# hogna carolinensis



## cjm1991 (Oct 11, 2008)

Well I got what I was waiting for   I already got tagged but it was completely my fault. But check em out, very aggressive little demons. 










enclosure for one of them


----------



## ErikWestblom (Oct 11, 2008)

Awesome! But imo you should have a bit deeper substrate, so it can burrow.


----------



## cjm1991 (Oct 11, 2008)

Ill add some to it when I get more. One of them is chilling in a large cup with sub. in the bottom. Im going to the local pet store and buying more peat moss tomorrow though.


----------



## crpy (Oct 11, 2008)

they are one of my favs


----------



## lhystrix (Oct 11, 2008)

Do they all look like this one, because this spider is not carolinensis.
It is H. lenta or related species.


----------



## crpy (Oct 11, 2008)

jeff h said:


> Do they all look like this one, because this spider is not carolinensis.
> It is H. lenta or related species.


Imo every time you disagree with what kind of spider it may be without giving an explanation why you dont believe it. So as a favor, can you elaborate on why you dont believe it is not a carolina wolf.
Is it the ocular pattern
Is it because you cant see banding, not all have banding=I have caught huge H. carolinesis in Tex. they were the spp. there was no other gigantic Hogna there that big, I've caught hundreds. In Fl as well, lenta is smaller and way lighter colored than carolinensis, HC get huge and dull gray here as well as med grey. There are no other huge Hogna around here other than georgicola, and they are dark brown.

heck its not the fact it could be another spp.  rather you in the habit of just tapping a thread and saying "no its not" without cognitive explanation.


The same thing with Philodromidae, you said its Pisaurina mira, ok,why, Im honestly curious what it may be, to me I saw no striping, ocular pattern, abdoman, what. You see there will be no validity to your ID of the spiders, if your willing to discuss it on a DISCUSSION FORUM.


----------



## Hamburglar (Oct 11, 2008)

Very nice....  I have plenty of wolfs around here.  I saw one a few years back that was nearly as big as my hand.  Wish I kept it..  anyway...  cant you find peat moss cheaper at a hardware store?  I get a huge cube of it for 6 bucks...


----------



## lhystrix (Oct 12, 2008)

crpy said:


> Imo every time you disagree with what kind of spider it may be without giving an explanation why you dont believe it. So as a favor, can you elaborate on why you dont believe it is not a carolina wolf.
> Is it the ocular pattern
> Is it because you cant see banding, not all have banding=I have caught huge H. carolinesis in Tex. they were the spp. there was no other gigantic Hogna there that big, I've caught hundreds. In Fl as well, lenta is smaller and way lighter colored than carolinensis, HC get huge and dull gray here as well as med grey. There are no other huge Hogna around here other than georgicola, and they are dark brown.
> 
> ...


You've collected hundreds of carolinensis, but you don't recognize an adult male when you see one in other post, and now here you can't recognize this is not carolinensis. There is nothing carolinensis about this spider. The ocular area is wrong, as well as carapace shape, coloration, and markings. Wow, you've collected carolinensis with no ventral leg markings? How come I've never read about it anywhere or seen pictures, because that is certainly a significant find, and it contradicts all published descriptions. In fact, the ventral leg markings are key to the species.

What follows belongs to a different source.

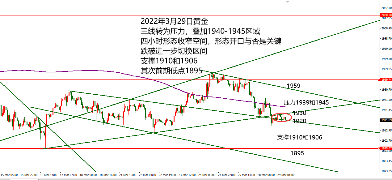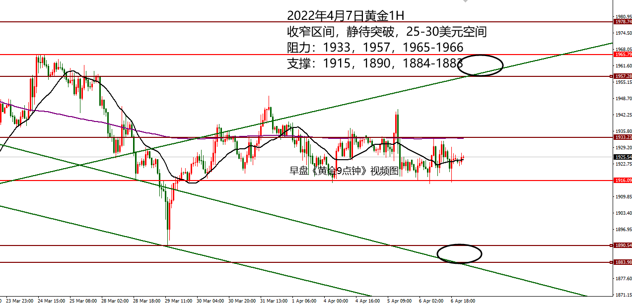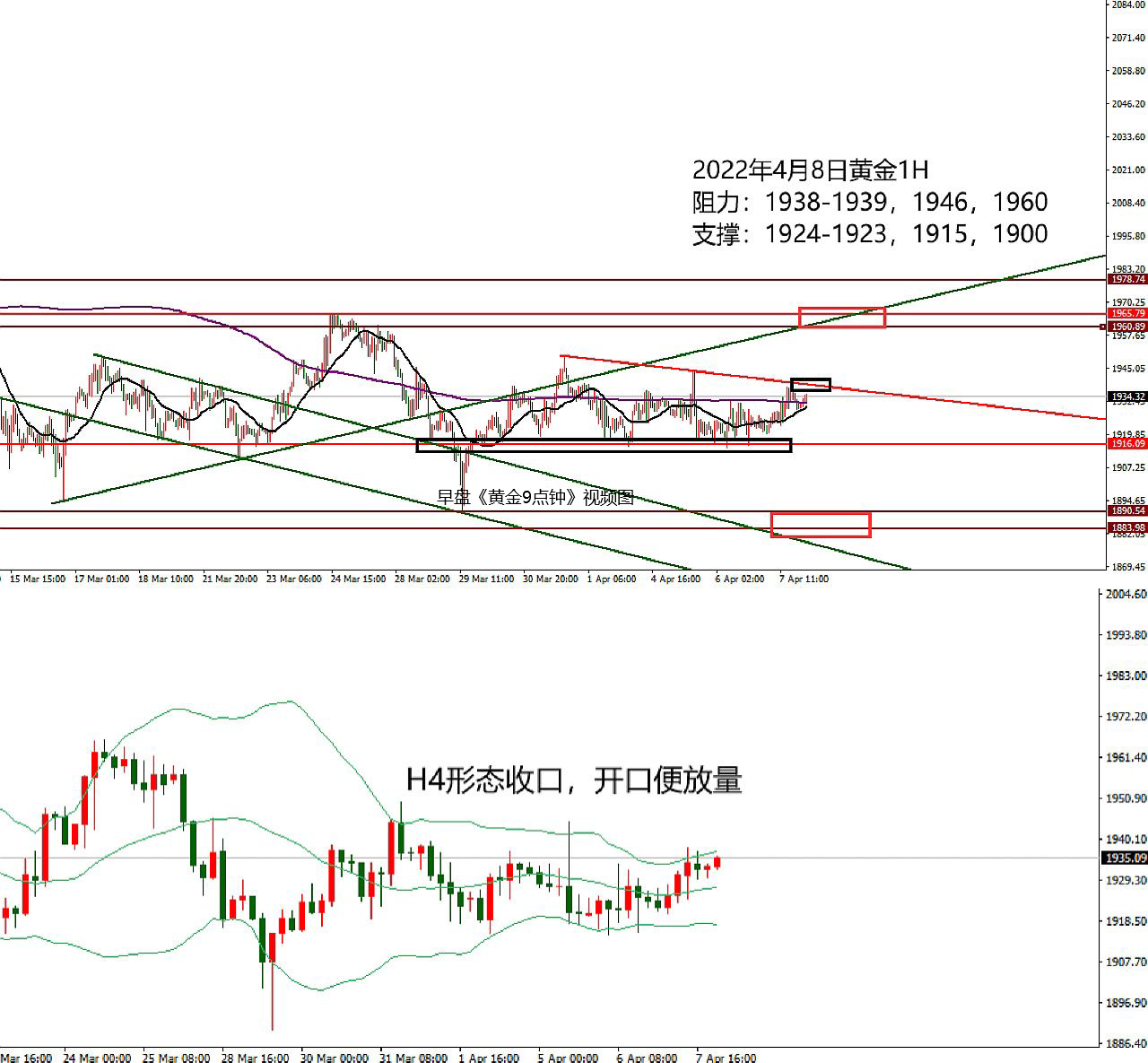 何小冰:黄金是久攻不破终须回落?还是蓄势大涨?04.08 黄金究竟什么时候才是真的的突破选择? 本周围绕这个问题反复再反复的验证,结果到今日周五,还是没有答案。 原因是不延续是黄金最大的特色 ,涨跌均不延续, 在低位持续徘徊,看着摇摇欲坠,结果平地起跳上涨,在高位持续徘徊,看着势如破竹,结果高台跳水跌下来。 来来去去的多空信号反复给,就是没有给最终答案。 现在最关键的就是 四小时形态能不能开口,开口便将放量指引方向。 区间范围1939-1917, 没有看错,下方两个收窄的支撑还是重合在一起,也是多次测试的位置,此处本周也提及多次,多次测试多次弹开的位置,支撑性比较强,强支撑在突破后将实现支撑

The P. mira I IDed is P. mira because of it's overall morphology, and I know what P. mira looks like. Do you think all P. mira have a light dorsal stripe?
Immature and adult males, and sometimes females, commonly lack a dorsal stripe. Do you believe if a Pisaurina has a dorsal stripe, it is P. mira? Probably.

I 'tap into other threads' just to disagree? Get real. I 'tap in' because when I see a mistake, I try to help correct it. Unfortunately there are many mistakes are in your IDs. You couldn't even recognize a banded Argiope. 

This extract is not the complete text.